Current ia64 implementation provides a SD_NODES_PER_DOMAIN #define that 
is used to build a top level domain when there are 2 levels of Numa in 
the platform.
This value is different on some platforms: for example a 2 modules * 4 
nodes * 4 cpus platform should use SD_NODES_PER_DOMAIN = 4 instead of 
the current value 6.
It is easy to provide the SD_NODES_PER_DOMAIN as a config parameter or 
boot parameter.
But, even with the correct value for the platform, there are side 
effects when the configuration has some disymetry.
For example: with SD_NODES_PER_DOMAIN=4:
    .  on a 1 module of 4 nodes * 4 cpus where there is a missing cpu 
(then a 3 nodes * 4 cpus plus a 1 node * 3 cpus), sched_domain 
initialisation tries to build a top-level domain for the node that 
contains 3 cpus and we get an "ERROR: domain->cpu_power not set" error.
    . on a 2 modules * 4 nodes configuration with 1 node missing (then a 
4 * nodes module and a 3 * nodes module), there is 1 node that is part 
of both node domains.
An alternative is setting SD_NODES_PER_DOMAIN to the maximum number of 
nodes (thus loosing the ability to have 2 levels of sched domains to 
take in account the Numa topology).
An other alternative is using the node_distance() that comes from the 
SLIT to build the sched domains instead of using
SD_NODES_PER_DOMAIN on the platform.
The following patch sets SD_NODES_PER_DOMAIN as a config/boot parameter, 
and when the value is 0 uses the node_distance to build the sched domains.

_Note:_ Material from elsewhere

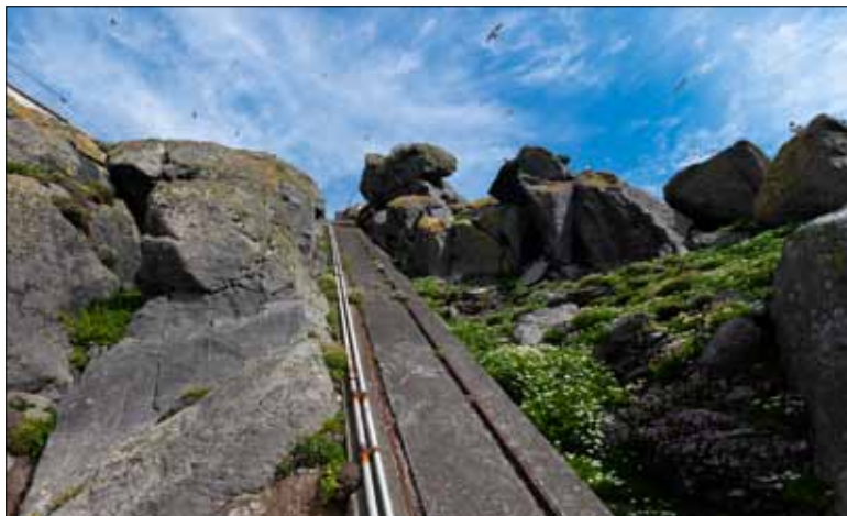
Resterna av bergbanan.

1913 anlades en bergbana på den södra landningsplatsen. Irländare är stolta över denna, dels för att den byggdes på en så spektakulär plats, dels för att den sägs vara den brantaste bergbanan i Europa. Vagnarna drogs från början av en tryckluftsdreven winch, som senare ersattes av en winch driven av en dieselmotor. Idag finns bara själva banan i cement kvar.

This patch allows configuring the sched-domains based on the SLIT table 
on ia64 platforms.
It should allow having disymetric configurations like having different 
numbers of cpus per node or missing nodes
when a top level domain is used.
Current limitation is 2 level Numa.

diff --exclude-from /home17/xb/proc/patch.exclude -Nurp 
linux-2.6.11-kgdbr/arch/ia64/Kconfig linux-2.6.11-kgdb/arch/ia64/Kconfig
--- linux-2.6.11-kgdbr/arch/ia64/Kconfig    2005-03-02 
08:38:26.000000000 +0100
+++ linux-2.6.11-kgdb/arch/ia64/Kconfig    2005-05-26 13:52:10.362718582 
+0200
@@ -174,6 +174,18 @@ config NUMA
       Access).  This option is for configuring high-end multiprocessor
       server systems.  If in doubt, say N.
 
+config SD_NODES_PER_DOMAIN
+    int "Number of nodes per base sched_domains"
+    default "6"
+    help
+      Number of nodes per base sched_domains.
+
+      Should be 6 for SGI platforms.
+      Should be 0 for platforms that rely on SLIT table
+      to build the sched_domains (Eg: Bull Novascale)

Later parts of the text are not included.